I have a model with three latent classes (C#1, C#2, C#3). Under the model statement, I included the command "C#1 on BLK" where BLK is a binary race variable. In the output under LATENT CLASS REGRESSION MODEL PART, there is the slope for C#1 ON BLK and then under intercepts there are two intercepts, C#1 and C#2. Why are there two intercepts? I believe I am modeling: Pr(C#1)=B0 + B1*BLK So there should only be one intercept. Thank you.
I'd like to identify latent segments differing with respect to the price elasticity for many commodities. The model, say, a mixture regression model allows for the fact that these price elasticities may differ for different segments, and consists of: 1. to explain the latent variable as a function of covariates 2. to predict a dependent variable as a function of predictors
The problem is that the dataset contains repeated observations (time-series) for each commodity (cross-sectional), and the model closely relates with these longitudinal data.
Suppose a regression model for estimating price elasticity, i.e., double-log model of quantity on price. We estimate price elasticities for N commodities by using T repetedly observed data for each, but within the framework of latent segments. This might be accomplished using the command GROUPING which identifies commodity. But the command GROUPING cannot be applied with MIXTURE.

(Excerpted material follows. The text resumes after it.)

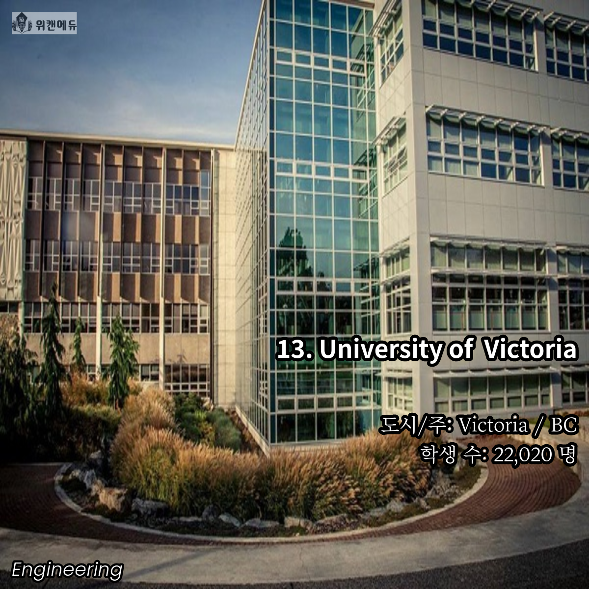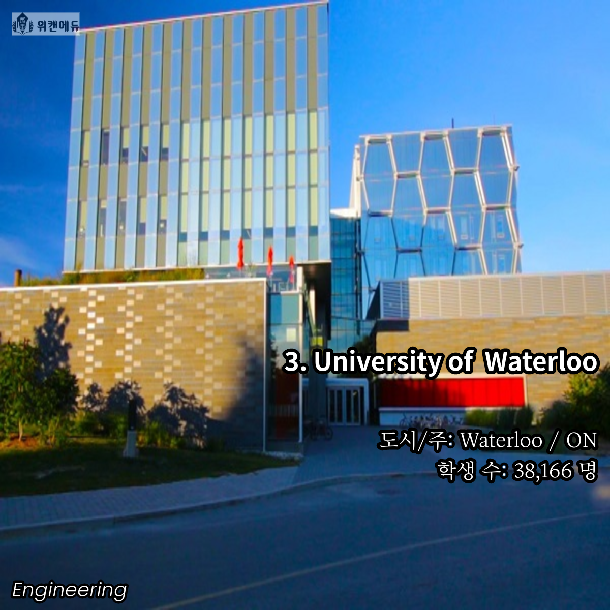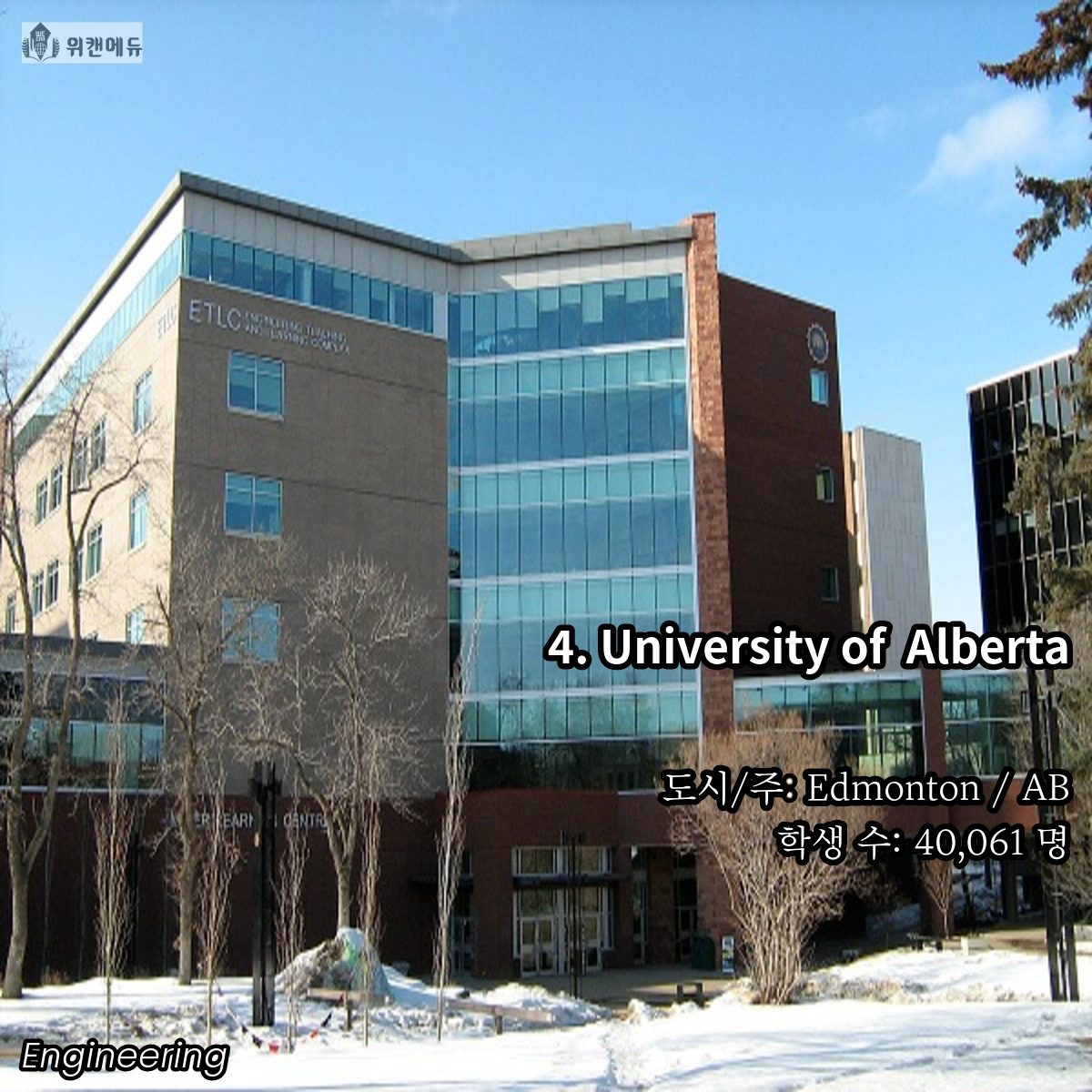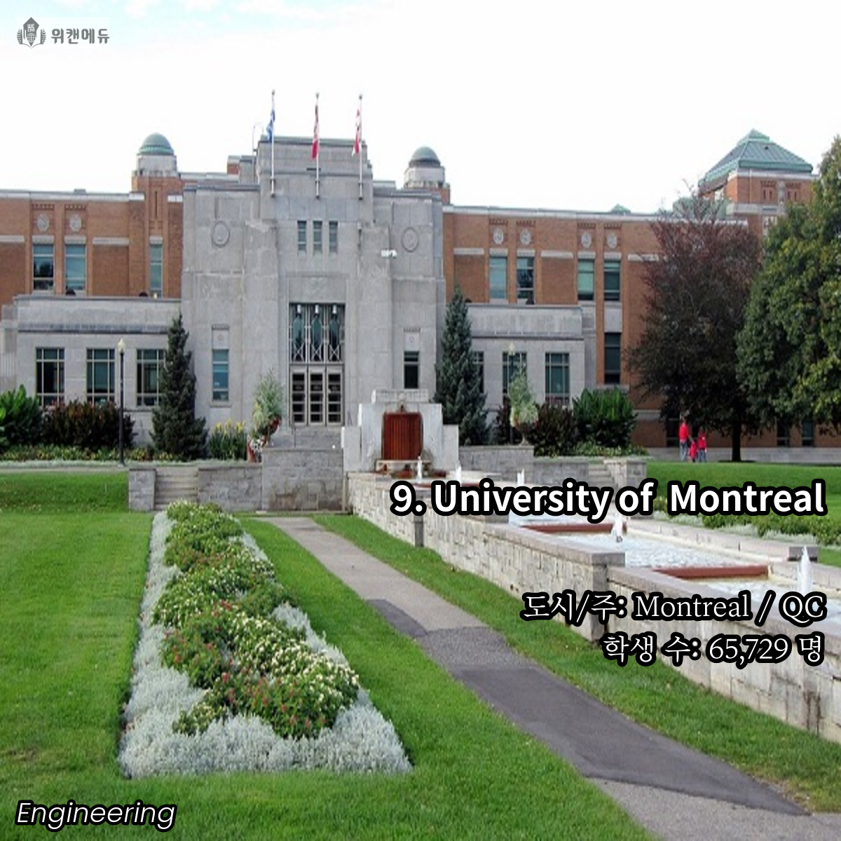 공학을 전공하고 싶은 학생들이라면 한 번 쯤은 꿈꿔보고 도전해볼 만한 곳이 바로 캐나다의 대학교 입니다. 세계 유수의 유명 대학들과 어깨를 나란히 하고, 필드 전반 곳곳에서 활약하는 인적 네트워크 등의 Background 역시 큰 자산이라고 할 수 있겠습니다.

Could somebody please give me some suggestion how I would fit these models using Mplus?
Thanks in advance for explanations, comments and tips.
It sounds like your observations are commodities. I'm not sure why you want to use the GROUPING option. If you want to identify latent segments of the commodities, the TYPE=MIXTURE is appropriate. GROUPING is used when there are observed not latent groups or segments. A growth mixture model would probably be appropriate here. If you check the References and Examples posted here on the website, you may find something to help.
Hana Kim posted on Sunday, November 11, 2001 - 2:56 pm
Hello! My research is conjoint marketing studies where respondents (cases) were repeatedly asked to provide personnel intention of purchase under several different scenarios. Please note that there are several records per respondent. My interest is to classify cases into several homogeneous groups and to develop regression models for each segment. Since it appears most likely that any different demographic profiles causes these segments, I will show then how to classify each respondent into the segment which is most appropriate. (A very similar example of my study could be seen from http://www.statisticalinnovations.com/tutorials/tut2.htm)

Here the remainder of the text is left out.